Lebanese in general, in particular the old generation in Lebanon, don’t like to throw things away even when they become totally useless and have been collecting dust in the attic for ages. We are genetically opportunistic -not to say fierce enamored protectors of our belongings- and come with a built-in recycling feature.
Forget about these “assets” in the attic. Let’s talk about things around the house. How many times have you thrown in your bin that old photo calendar to see it again back on your wall?
And how many times have you tried to get rid of a t-shirt or an old pair of shoes without your parents or grand-parents knowing? Let’s not forget that vase ten-times glued back that grandma forbids you to touch, and that one lonely cup of scratched glass remaining from the all-broken collection, and that mom turned into a candle holder.
See! You can totally relate. However, there are 6 particular overused things you can literally find in every Lebanese house, and here they are:
We mean the sewing box. Yes, it was even originally designed to be a sewing kit, and it may shock us if we open it and find cookies in there. Cookies should alternatively be in a Tupperware instead. But, hey! The sewing-kit-turned-cookie-box stays! Move on!
Like, why? Why do we keep all these bags? Why don’t we ever use again the ones with an important brand name on them? The other existential question is why is it so culturally common to place them under our bed mattresses?

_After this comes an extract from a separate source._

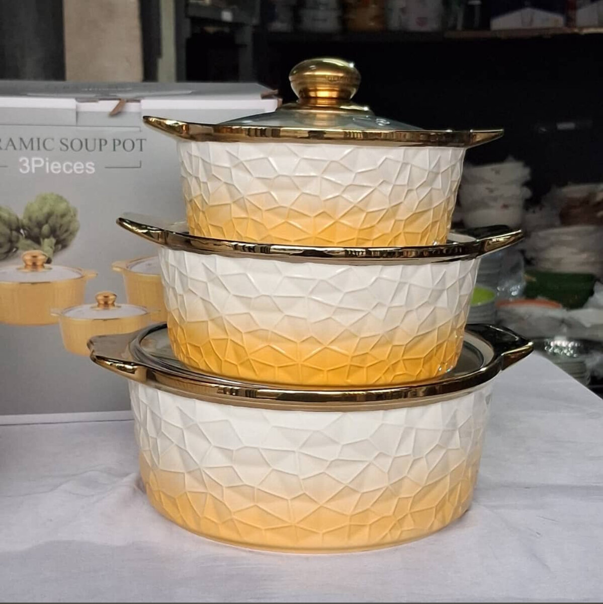 Découvrez notre ensemble de casseroles en céramique de luxe, parfait pour préparer et servir vos plats favoris. Doté d'un design élégant avec des finitions dorées, ce set est idéal pour les repas du quotidien ou les grandes occasions. Compatibles avec la plupart des types de cuisson, ces casseroles sont le choix parfait pour une cuisine moderne et élégante.

Yes. Your mom won’t throw away any of them whatsoever, even if she doesn’t use them anymore and even if their lids have been lost (of which she will most probably accuse her daughter or son), and even no one can remember what color they used to be.
If you live in an authentic Lebanese house -or at least had the chance to visit one and see all the hidden electrical installation items-, you get the impression of being in one of those hardware stores. Whether it is wiring, cabling or extension cords materials, or all of them combined, we rarely – and I mean it – we rarely throw any of these away; we are instinctively our own electrical engineers.
It is most probably placed in the kitchen, and yes, it doesn’t work. We may and often keep it for decoration purposes, or because it is physically unreachable. Question: Who did even install it there in the first place? Answer: No one can even remember.